Este verano hay bastantes cuerpos humanos en venta. No son esclavos. Son jóvenes a veces semianalfabetos que corren en pantalones cortos dándole patadas a una pelota.
Está en venta, por ejemplo, un franco-guineano de 23 años llamado Paul Pogba por el que varios equipos del fútbol están dispuestos a pagar 120 millones de euros, aparte de los alrededor de veinte millones que recibirá anualmente de su comprador y de otros ingresos propios por imagen y publicidad.
Siendo parte de un equipo con más de veinte jugadores, mucha gente denuncia como injusto pagar tanto por ver corretear jóvenes así, fuertes y habilidosos, habiendo tanto pobre por el mundo.

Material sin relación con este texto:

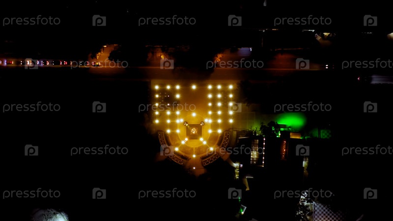 Симферополь, Крым. Памятник Екатерине Великой. Ночь, вид с воздуха, головной удар
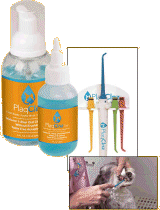 A PlaqClnz gel can be used at home daily. It is easily applied, no brushing required; it is taste-free and readily accepted by your pet.
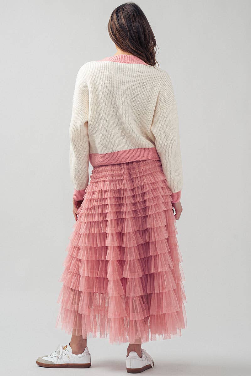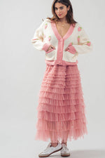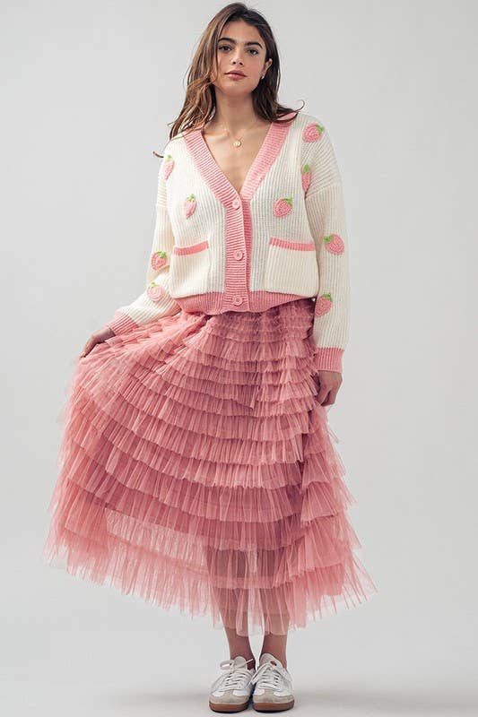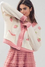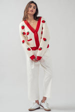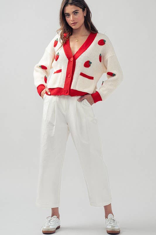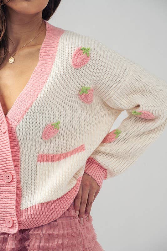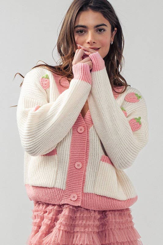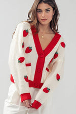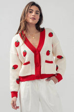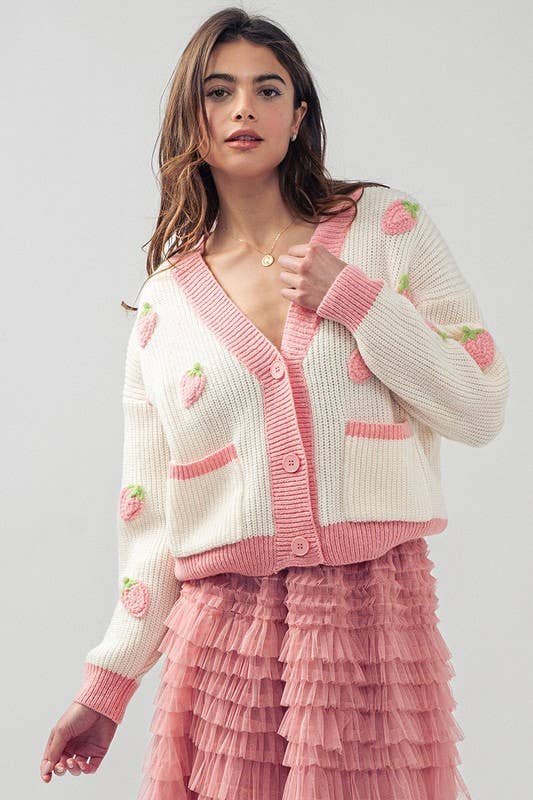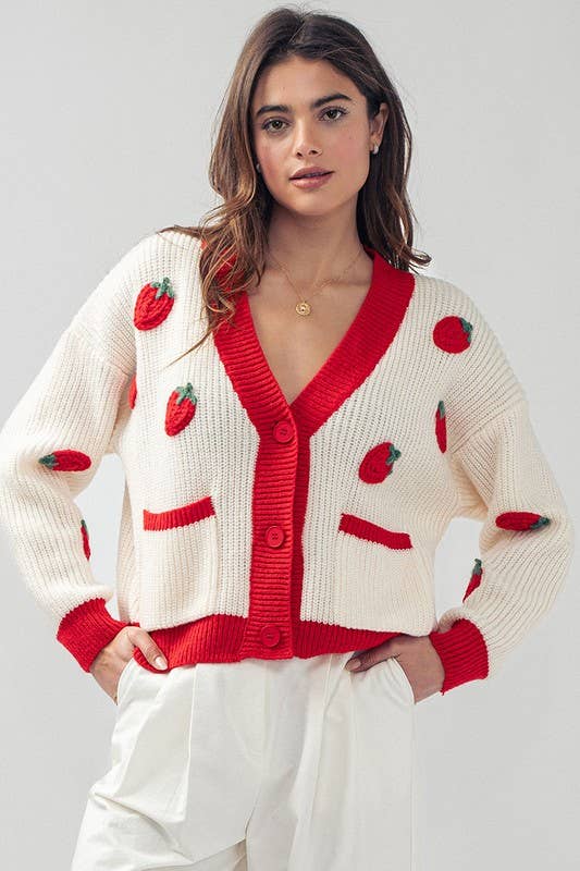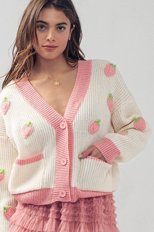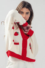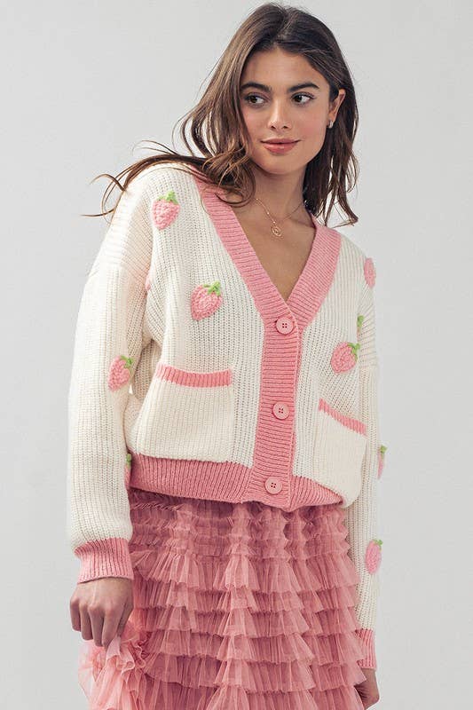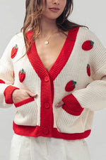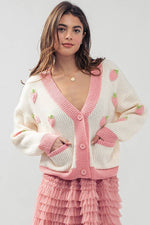 Unit price perSweet and charming chunky knit cardigan featuring whimsical embroidered strawberries throughout. The deep V-neckline and contrast red trim create a playful silhouette, while front pockets add practical comfort. Perfect for valentine's day or everyday wear.

El obispo de Barcelona, por ejemplo, protesta del precio del madridista Ronaldo, pero no del también costosísimo y evasor de impuestos barcelonista Messi. Y es que aunque Ronaldo sea Cristiano, no es del Barça.

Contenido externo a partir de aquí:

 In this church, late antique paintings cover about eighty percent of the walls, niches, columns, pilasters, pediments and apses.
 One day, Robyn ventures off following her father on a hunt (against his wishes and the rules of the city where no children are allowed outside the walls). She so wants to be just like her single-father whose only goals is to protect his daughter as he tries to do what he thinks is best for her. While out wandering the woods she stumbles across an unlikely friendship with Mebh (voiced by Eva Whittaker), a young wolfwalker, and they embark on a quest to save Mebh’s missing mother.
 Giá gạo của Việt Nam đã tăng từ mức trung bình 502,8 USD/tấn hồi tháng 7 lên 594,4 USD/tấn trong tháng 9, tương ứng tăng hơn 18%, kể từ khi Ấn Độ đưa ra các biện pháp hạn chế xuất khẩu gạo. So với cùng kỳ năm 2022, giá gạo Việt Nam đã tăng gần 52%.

Es el reproche de quienes no entienden que el juego es una actividad tan valorada como los alimentos por la humanidad, incluyendo a los hambrientos.

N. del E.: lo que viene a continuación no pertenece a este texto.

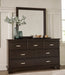 Details B441B6: Includes panel headboard, footboard, rails and slats, Made with hardwood solids, engineered wood veneer and MDF substrates, Dark brown finish, Floating panel headboard, Picture frame footboard, Foundation/box spring required, sold separately , Mattress available, sold separately, Assembly required, B441B1: Includes dresser and mirror, Made with hardwood solids, engineered wood veneer and MDF substrates, Dark brown finish, Metal bar pulls with bright nickel-tone finish, 7 smooth-gliding drawers with dovetail construction and metal center guides, Drawer interiors are lined with a wood grain laminate for a clean, finished look, Top moulding on dresser, Mirror attaches to back of dresser, B441-92: Made with hardwood solids, engineered wood veneer and MDF substrates, Dark brown finish, Metal bar pulls with bright nickel-tone finish, 2 smooth-gliding drawers with dovetail construction and metal center guides, Drawer interiors are lined with a wood grain laminate for a clean, finished look, Top moulding,
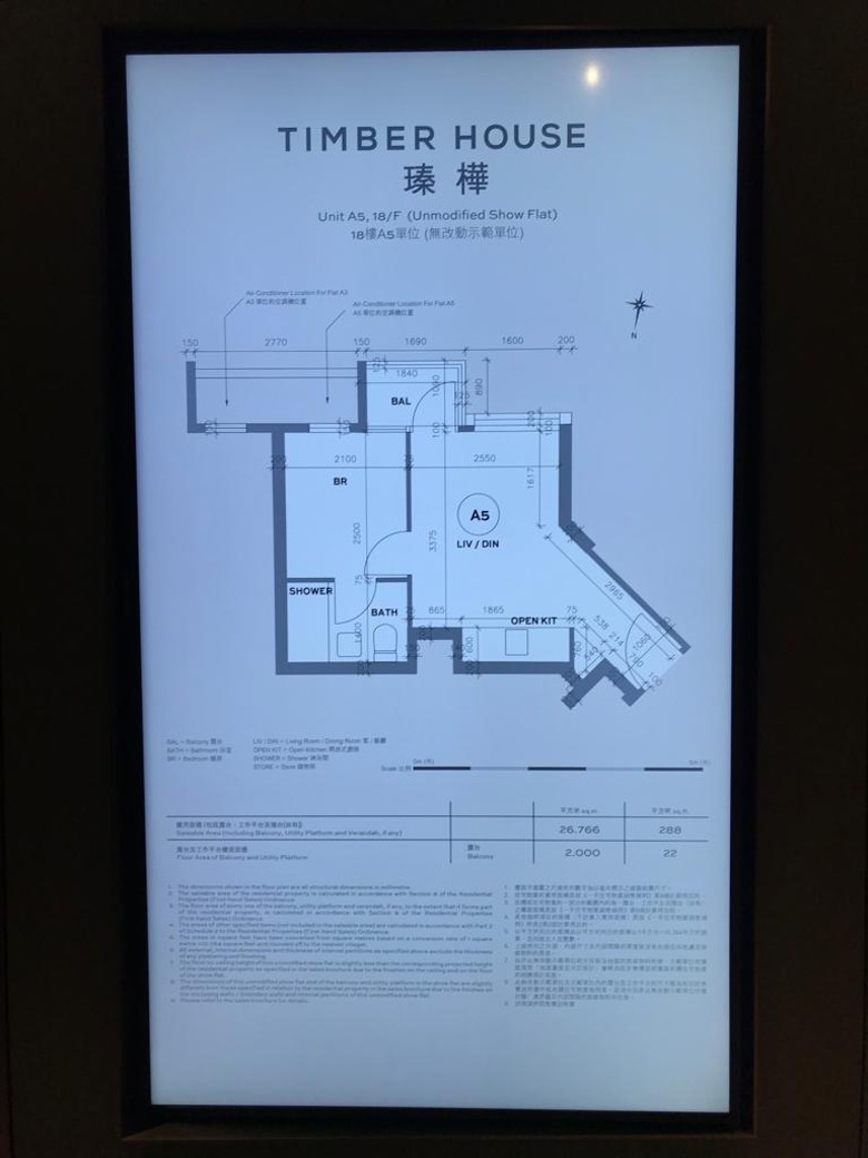 至於兩房單位根據18樓A1室打造,實用面積526方呎,露台面積22方呎,單位設有儲物房。
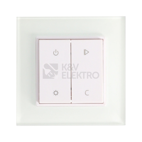 RF dálkový ovladač pro řízení jasu a barevných režimů RGB a RGBW LED pásků umožňuje řízení jedné skupiny RF přijímačů (nejsou součástí), tato skupina může mít neomezeně přijímačů. Instalace pomocí samolepící 3M pásky nebo vrutů (součástí). Rozsah stmívání 0,1 - 100 %. Rozměry ovladače: 86×86×14mm, napájení 1x CR2430 baterie (součástí), dosah cca 20m.
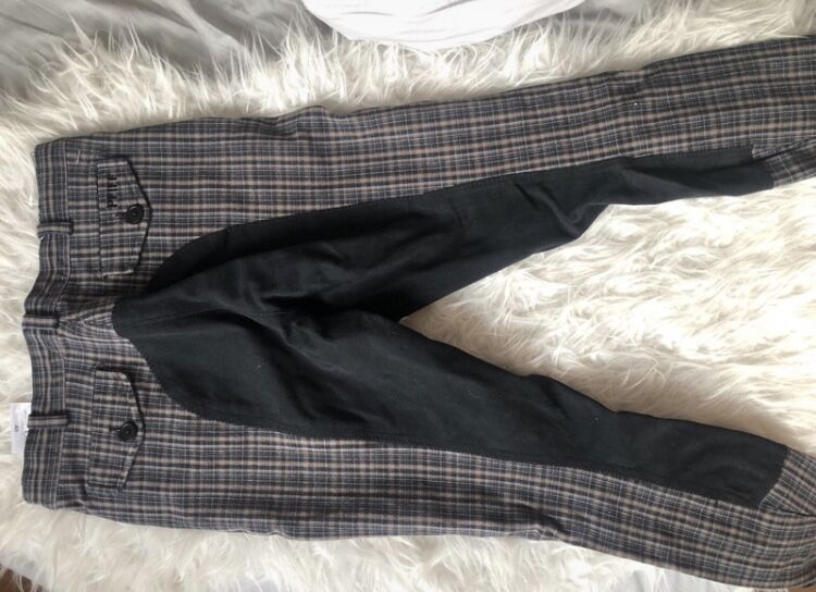 Spodnie w kratę - Kupię parę bryczesów Pfiff w doskonałym stanie. Były noszone tylko raz i dlatego są w idealnym stanie🦋 Jest na nich napisane, że to rozmiar 40, ale myślę, że pasują jak średnie. Jeśli masz jakieś pytania lub chcesz więcej zdjęć, proszę wysłać wiadomość do mnie💐.
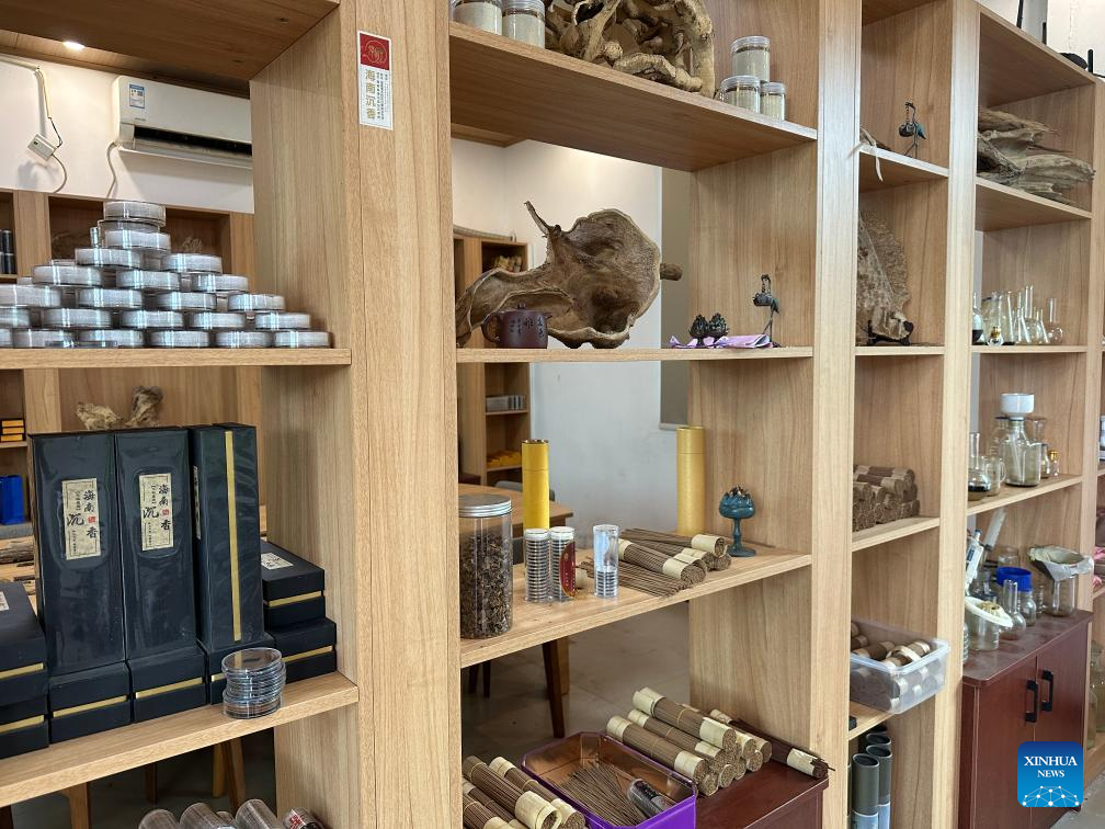 Agarwood products are displayed at a workshop of Hainan Changshu Seedling Development Co., Ltd. in Chengmai County, south China's Hainan Province, on May 27, 2025. (Xinhua/Chen Kaizi)
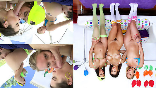 Gulped AJ, Keisha and Violet share and gag on monstrous jizz-shotgun
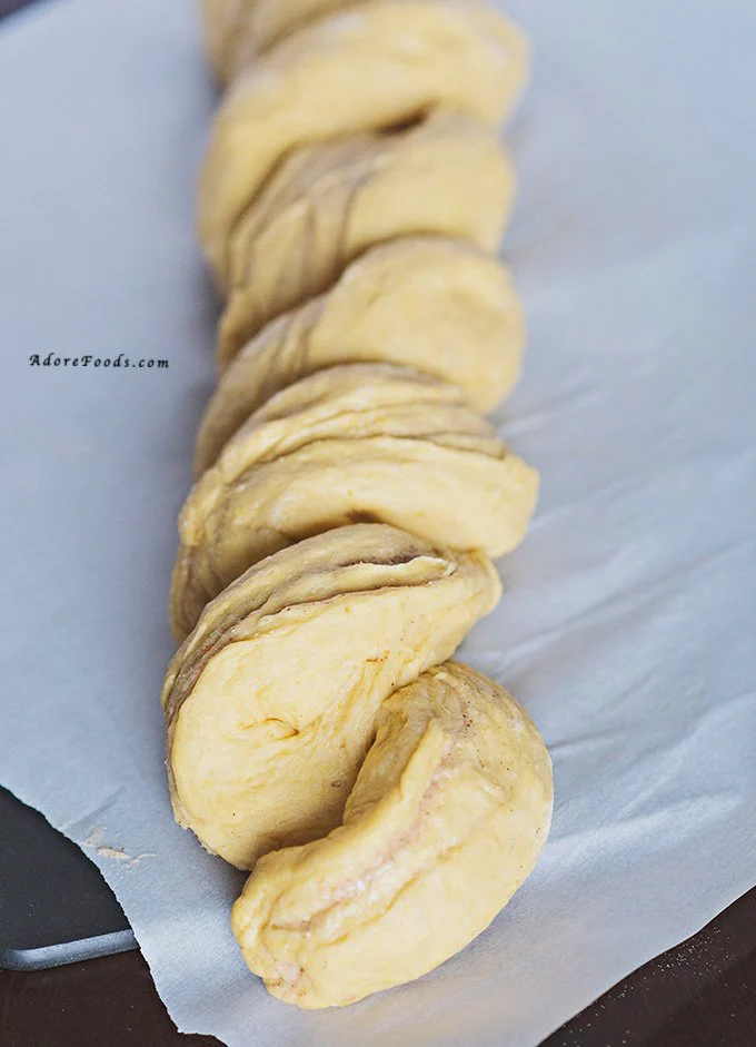 The dough is really easy to work with and you have to let it sit just for a hour and a half. It doesn’t require a lot of ingredients, just pumpkin puree (I used The Organic Pumpkin Puree), butter, flour, sugar, dry yeast and of course cinnamon and nutmeg.

El juego en todas las especies animales nace con su propia existencia como escuela de supervivencia, pero su valor económico, analizado por primera vez por el antropólogo inglés Burnett Tylor en 1879, ha ido creciendo al convertirse en un espectáculo festivo cotidiano.
El deporte, señalaba Johan Huizinga en 1954, en su biblia de la antropología, “Homo Ludens”, adquiere valor pecuniario cuando se unen la emotividad de los seguidores de cada jugador o atleta, o de sus equipos, que resucitan emociones salvajes y primitivas, émulas de la lucha por la vida.
Y de ello no se libra ni el más pobre de los seres, incentivados ahora por el torrente de los medios de comunicación.
Hay una gigantesca desigualdad de salarios entre los trabajadores comunes y los deportistas de élite, pero, lamentémonos menos, hasta los desempleados la aprueban y se privan de sus comidas para postrarse ante sus tótem Pogba, Ronaldo, Messi y similares.